As stated before, the DMGPlus will start Linux and then immediately look at the cartridge to figure out what type it is. If it's a GameBoy cartridge, GNUBoy is responsible for running it.

The thing is that I wanted this to work with any GameBoy cartridge, existing or new, that you stick into the DMGPlus, so having a stack of ROM files and selecting the correct ROM file for the cartridge that is inserted wouldn't work. Also, dumping the inserted cartridge to a file before runnning it would be too slow. No, Gnuboy would have to be modified to read the cartridge as it executes.

This is somewhat tricky. Taking the cartridge read routines and redirecting them to the real cartridge over SPI works, but as the chain Gnuboy -> SPI -> cartridge is a lot longer than in the original GameBoy, this would be too slow. I decided to compromise: as soon as a new region on the cartridge is accessed, GnuBoy will read this region from the cart, then cache it and execute from this cache. Reading everything once is fast enough to not interrupt the flow of the game, and executing from cache is fast enough to keep the emulation running at real time speed.

This has the disadvantage that games that do funny stuff with the memory map suddenly won't run anymore: for instance, I have an old 64-in-1 pirate cart that just crashes. In other words: the amount of GameBoy games the DMGPlus can run is slightly lower than on an original GameBoy. On the other hand: Gnuboy has no problems emulating a Game Boy Color as well, and since the FPGA displays 16 colors instead of the original 8, Game Boy Color games actually look surprisingly good and are well-playable!

Now, what about the DMGPlus cartridges? Well, you might have noticed that these have weird and interesting colors. This is because they are modern reproduction cartridges, obtained on the Chinese market. Then, how did I manage to get the DMGPlus header and startup screens in there? Observe, the internals of one of the cartridges. This is Shantae:

The minimalistic PCB contains three things: a M29W640 8MByte flash chip, an M5M5256 32K RAM chip, and a blob chip that is a replacement for the MBC chip the original GB carts use. (The GameBoy can only access 32K of ROM directly, a MBC, or Multi-Bank Controller chip is needed to access more.)

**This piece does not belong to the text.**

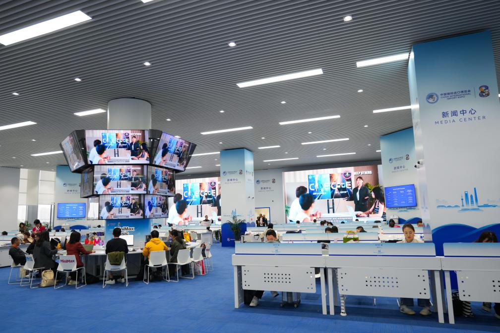 11月8日,媒体记者在新闻中心进行报道。

Two things to note here. First of all, the flash chip is only specified up to 3.6V and they're abusing it as a 5V part here. Surprisingly, it works fairly well; I guess the manufacturing tolerances are good enough.

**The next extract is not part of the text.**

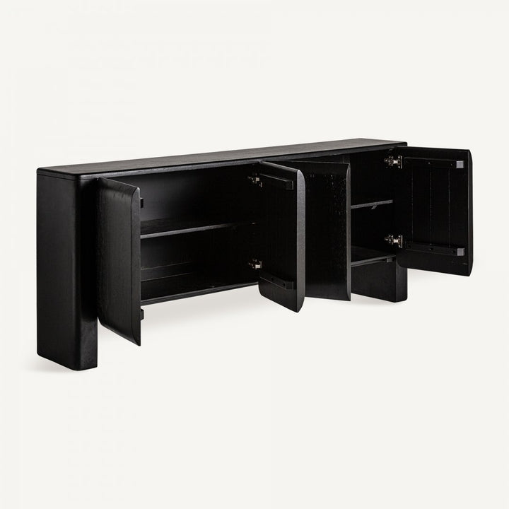 Lascia che il buffet nero definisca il tuo spazio con la sua eleganza. Scolpito in legno di mango e rifinito in nero, questo pezzo trasuda raffinatezza e stile. Il suo design minimalista e contemporaneo fa sì che il buffet nero moderno sia al centro dell'attenzione in ogni ambiente. Con dimensioni di 190 x 40 x 81 cm e un peso di 79,9 kg, offre ampio spazio di archiviazione per tutte le vostre esigenze, grazie alle sue quattro porte e ripiani interni regolabili. Fatto a mano, ogni pezzo presenta variazioni di tono, dimensione e forma, rendendolo unico. Le gambe con tacchi regolabili assicurano stabilità su ogni superficie. Questo buffet etnico contemporaneo è perfetto per soggiorni, ingressi e sale da pranzo, bilanciando forma e funzione con eleganza.

Secondly, Shantae uses save games, which are stored in cartridge RAM; the state of the cartridge RAM is normally maintained by an on-cartridge button cell battery. While this cart has a PCB location for such a button cell, it's left unpopulated. Still, the cartridge maintains save files just fine. How come? Turns out the ROM image for Shantae is modified. There's some additional code there: it presumably hooks into the save function and it copies the save RAM over to an otherwise unused sector of the 8M flash chip. When the cartridge starts up, there's another piece of code copying the saved games from flash back into save RAM. This way, they could save on the cost of the battery.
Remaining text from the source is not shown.